DESCRIPTION OF THE TASK → Under this line are the records; repeat exactly the lines starting at the one containing "For Lenovo Xiaoxin" and ending at the one containing "Density plots for", omitting pictures.

SOURCE RECORDS →

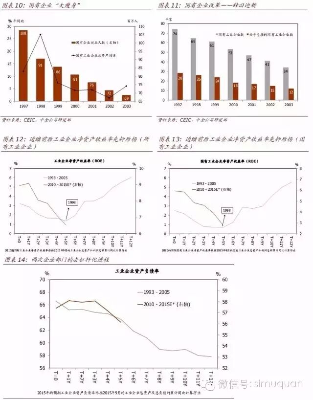 国有企业改革有效淘汰了制造业的过时和过剩产能。期间国有企业员工数量减少逾3千万,国有工业企业数量下降约4万家。同时,国企改革在国有和私营企业之间引入更多竞争,极大地提高了企业部门的效率。与此同时,新成立的四大资产管理公司发行了共计1.06万亿元的专项金融债券,帮助国有商业银行进行债务重组和恢复放贷能力。
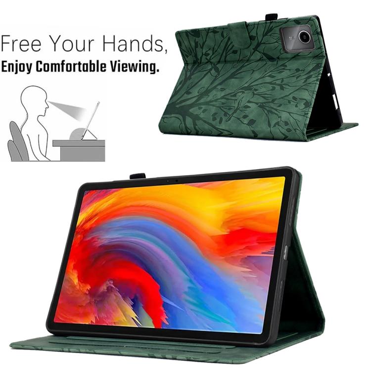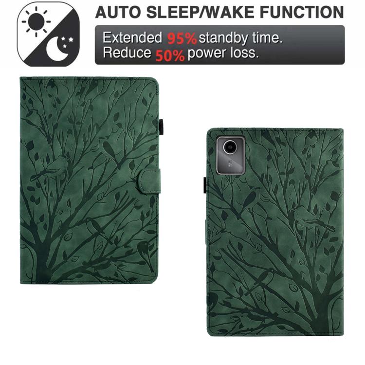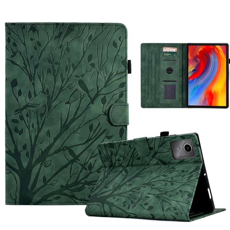 For Lenovo Xiaoxin Pad 12.1 2025 Fortune Tree Embossed Leather Smart Tablet Case(Green)
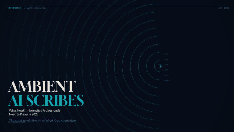 There’s a quiet revolution happening inside exam rooms across the country, and most people outside healthcare have no idea it’s going on. Ambient AI scribes are now being deployed at scale across major health systems. These tools listen to clinician-patient conversations in real time and automatically generate clinical notes. And they are creating both a major opportunity and a serious responsibility for health informatics professionals.
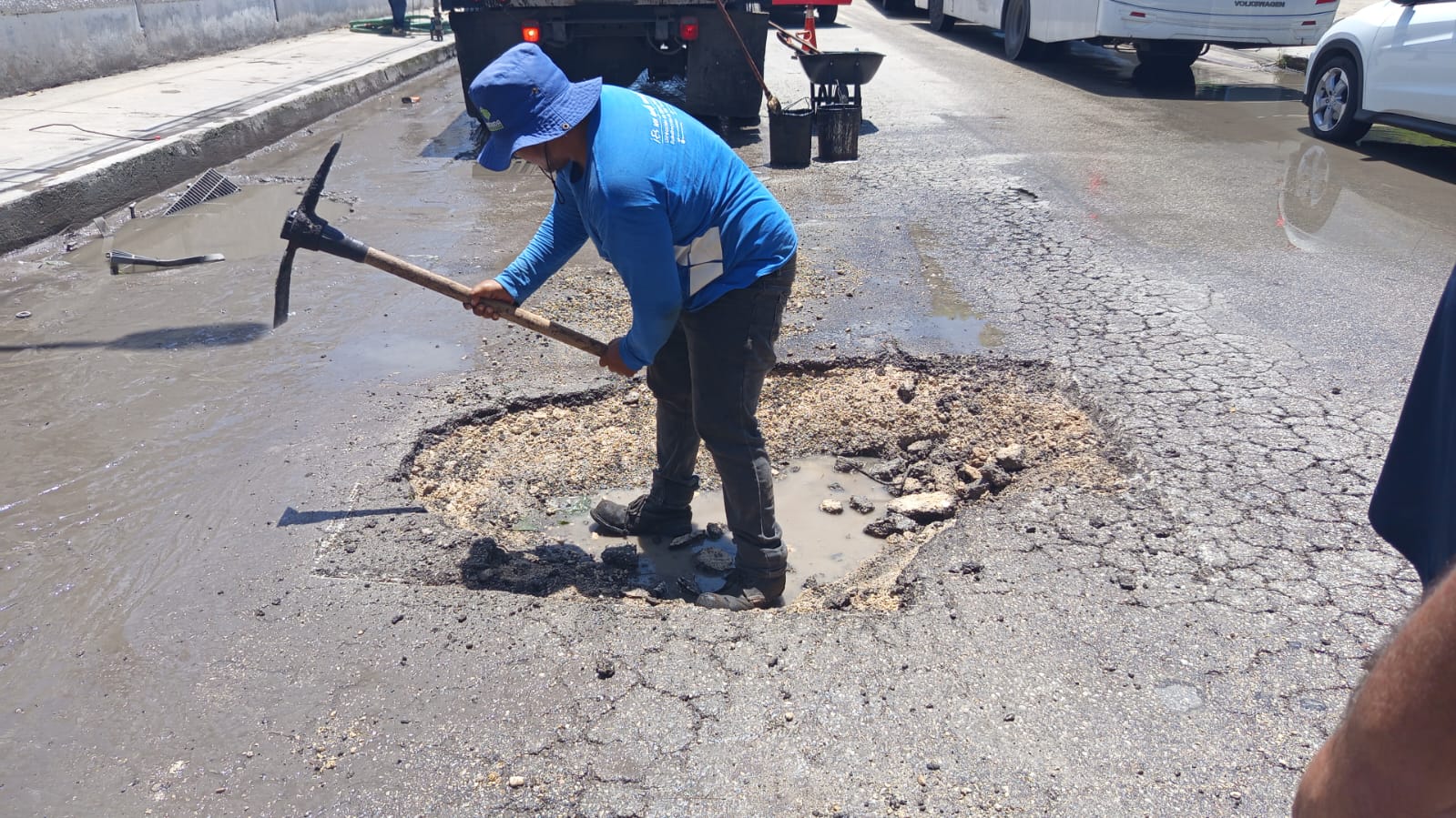 Rápida intervención de bacheo del Ayuntamiento de Mérida en la colonia Nueva Sambulá.
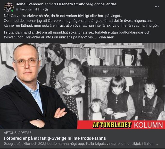 När Cervenka skriver så här, då är det varken frivilligt eller hårt påtvingat..
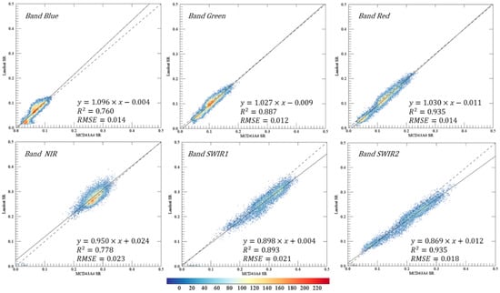 Density plots for Landsat images (y-axis) in land tile hh26vv05h1v2 land-tile (see Section 2.1) acquired on 13 July 2015 against the MODIS 16-day NBAR (x-axis). The black dashed line is the 1:1 line and the solid line is the fitted line.
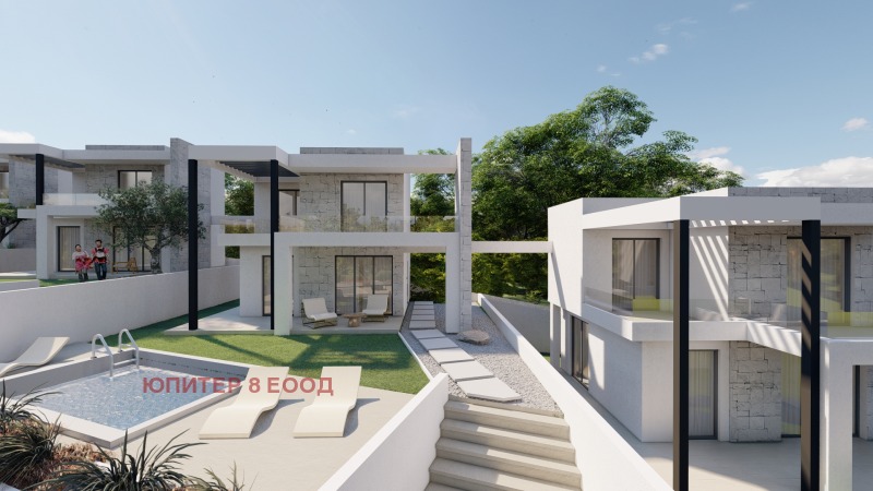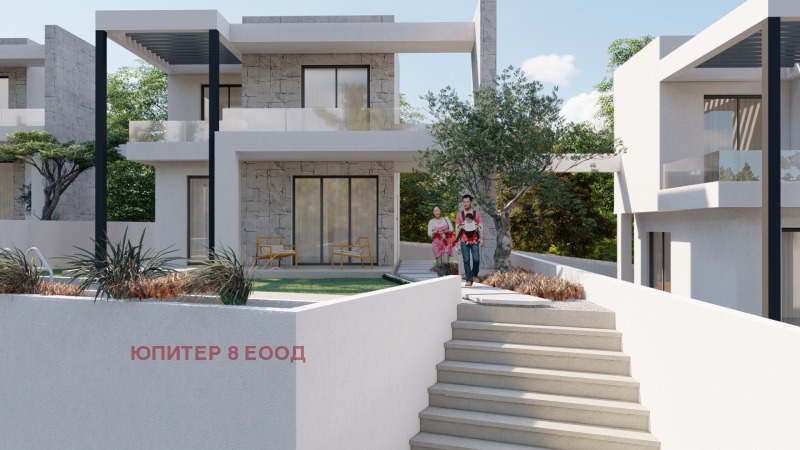 Проектираните къщи са с РЗП по 120 кв.м., ориентирани с гледка към морето и със следното разпределение: дневна с кухненски бокс, баня с тоалетна, самостоятелна спалня на първо ниво, второ ниво: две самостоятелни спални, голяма тераса и баня с тоалетна. Плосък покрив- тераса. Огледи всеки ден. 0878928703, 0888237530
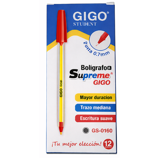 Bolígrafo de tapa negro/rojo/azul referencia GS-0160 GIGO STUDENT SUPREME

RESPONSE FOR THIS EXERCISE →
 For Lenovo Xiaoxin Pad 12.1 2025 Fortune Tree Embossed Leather Smart Tablet Case(Green)
 There’s a quiet revolution happening inside exam rooms across the country, and most people outside healthcare have no idea it’s going on. Ambient AI scribes are now being deployed at scale across major health systems. These tools listen to clinician-patient conversations in real time and automatically generate clinical notes. And they are creating both a major opportunity and a serious responsibility for health informatics professionals.
 Rápida intervención de bacheo del Ayuntamiento de Mérida en la colonia Nueva Sambulá.
 När Cervenka skriver så här, då är det varken frivilligt eller hårt påtvingat..
 Density plots for Landsat images (y-axis) in land tile hh26vv05h1v2 land-tile (see Section 2.1) acquired on 13 July 2015 against the MODIS 16-day NBAR (x-axis). The black dashed line is the 1:1 line and the solid line is the fitted line.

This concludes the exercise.